Seriam necessárias muitas páginas para recapitular as sucessivas contradições e diferentes versões dadas por várias autoridades a respeito desta espécie de enredo policial que continua à espera de um Philip Marlowe, um Hercule Poirot ou um George Smiley que nos revele o nome do ou dos criminosos — se de crime realmente se tratou. Certo, certo — até este momento — é apenas que no Exército, no Governo e no Parlamento se instalou uma imensa salgalhada; a série de hipóteses explicativas do acontecido vai desde o roubo comprovado até à mais radical dúvida metódica, que admite que o material desaparecido possa até nunca ter dado entrada no paiol! O cidadão comum, perplexo pelo que vê e ouve, sai de toda esta barafunda com a impressão de que alguém (ou “alguéns”...) ataranta deliberadamente a opinião pública pelo oprobrioso motivo de que tem qualquer coisa muito grave a esconder. Entre as múltiplas hipóteses aventadas, surgiram logo no início — quando o facto do roubo era ainda incontestado — rumores de que armamento e munições teriam sido desviados para tráfico de armas ilícito, uma actividade clandestina que teria já uma considerável tradição no seio das FA a coberto de comprometedoras cumplicidades. A vinda a lume da continuada fraude no abastecimento das messes militares, com conivência e proveito de altas patentes, não pode senão agravar a suspeita de que até mesmo as Forças Armadas portuguesas não serão imunes à corrupção.
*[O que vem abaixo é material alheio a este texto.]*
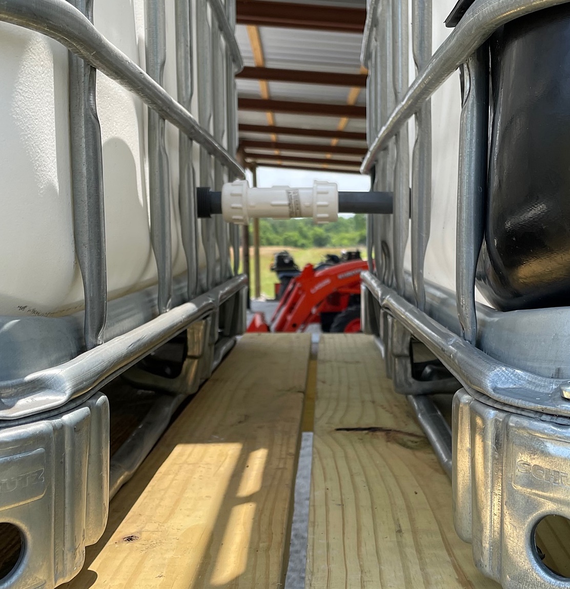 You don't need a large diameter connector pipe between tanks. There is plenty of water in the one tank to quickly fill a sprayer. Larger means greater chance of leaking so I tried to keep it no bigger than needed. Just don't want the pipe to get plugged up.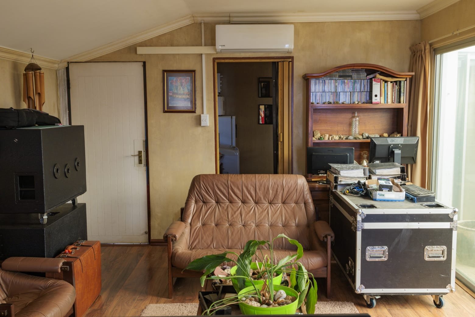 * Living room with Laminated flooring and an air conditioner with a sliding door to garden.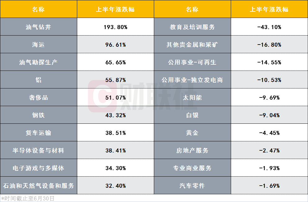 在这一背景下,美股涨幅居前的股票主要被油气、海运、钢铁等板块占据。根据数据显示,上半年美股油气行业板块涨幅在各大主要板块中居首,而在标普500指数成分股中,上半年涨幅最大的前五只股中就有四只是能源股。其中,马拉松石油(MRO)以101%的半年涨幅位居第一。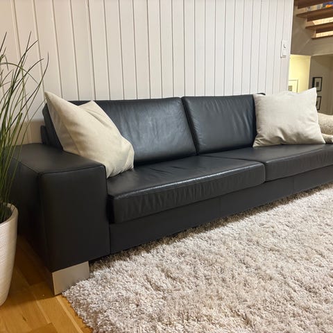 3 seter 231 cm lang 86 cm dybde høyde73 cm. Den har noen sår på venstre ryggpute.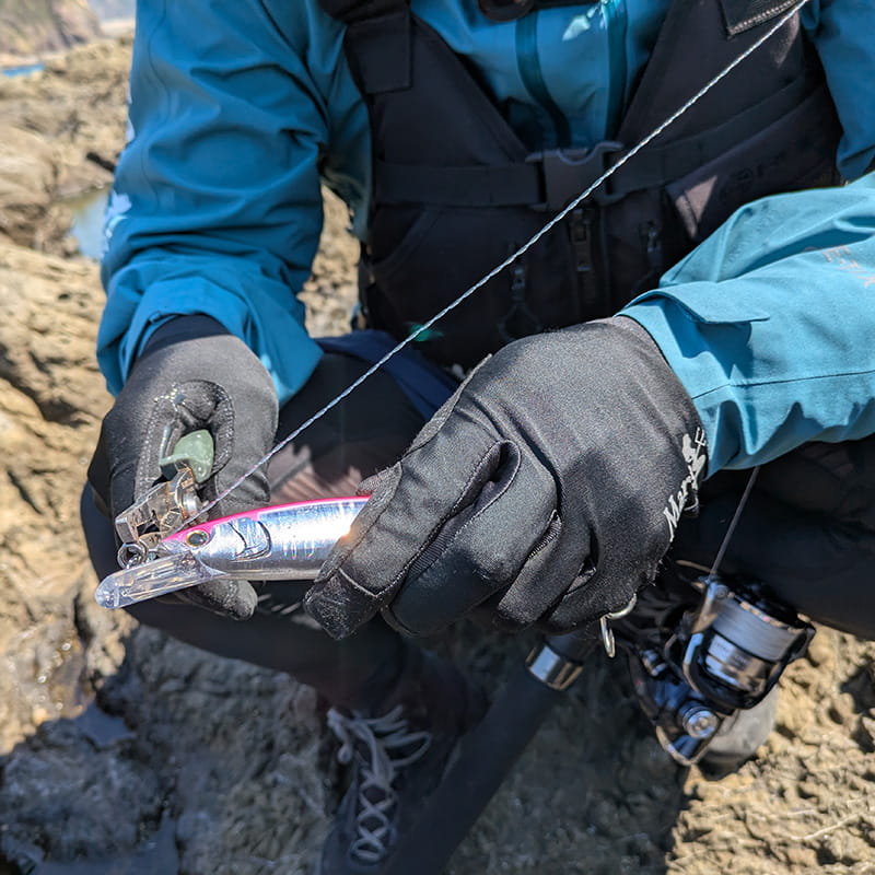 ごわごわとしたグローブでは指先の感覚がわかりにくくルアー交換などの細かい作業はもちろん、キャストですらやりにくいときもあります。

E perante tudo isto, com razão ou sem ela, é impossível não vir à memória a morte trágica de Adelino Amaro da Costa no desastre de Camarate, a 4 de Dezembro de 1980, quando era ministro da Defesa Nacional no VI Governo Constitucional, presidido por Sá Carneiro, que por mero acaso aproveitara à última hora o Cessna de Amaro da Costa com destino ao Porto. “Não se conseguiu apurar ainda se foi um desastre ou um assassinato [...], uma das vergonhas maiores da Justiça no regime democrático” (Mário Soares, prefácio a Adelino Amaro da Costa: Histórias de uma vida interrompida, 2010). Num capítulo com título interrogado — “O homem que sabia de mais?” — pode ler-se que no Verão de 1980, embora já muito habituado às perseguições políticas durante o PREC, Adelino confidenciara a Marcelo Rebelo de Sousa “que corria perigo de vida, que recebeu ameaças e andava armado. [...] que estava a descobrir esquemas relacionados com o tráfico de armas” (p.275). Amaro da Costa andava a investigar o Fundo de Defesa Militar do Ultramar, que nunca fora extinto e continuava activo seis anos após o fim da guerra colonial, com “um orçamento de milhões de contos por ano”, segundo confidenciou também a Freitas do Amaral: “ [Ele] suspeitava de que houvesse graves irregularidades, com vendas de armas e munições para a Guerra Irão-Iraque” (p.276), procedentes da Bélgica, transportadas de camião para Portugal e “embarcadas clandestinamente num navio com pavilhão da Grécia” a partir de Setúbal (p.278).

Não, não estou a sugerir que se abra novo inquérito ao chamado desastre de Camarate: seria tentar esconder uma sucessão de ridicularias com outra ridicularia ainda maior. Pretendo apenas dizer que a credibilidade das Forças Armadas (e do actual Governo) se encontra por completo dependente de uma explicação séria, cabal e convincente do mistério de Tancos. Os governos passam, as instituições ficam — se merecerem o respeito e a confiança dos cidadãos. A Instituição Militar tem que provar que merece esse respeito e essa confiança, sob pena de passar a ser encarada como mais uma organização de crime encapotado.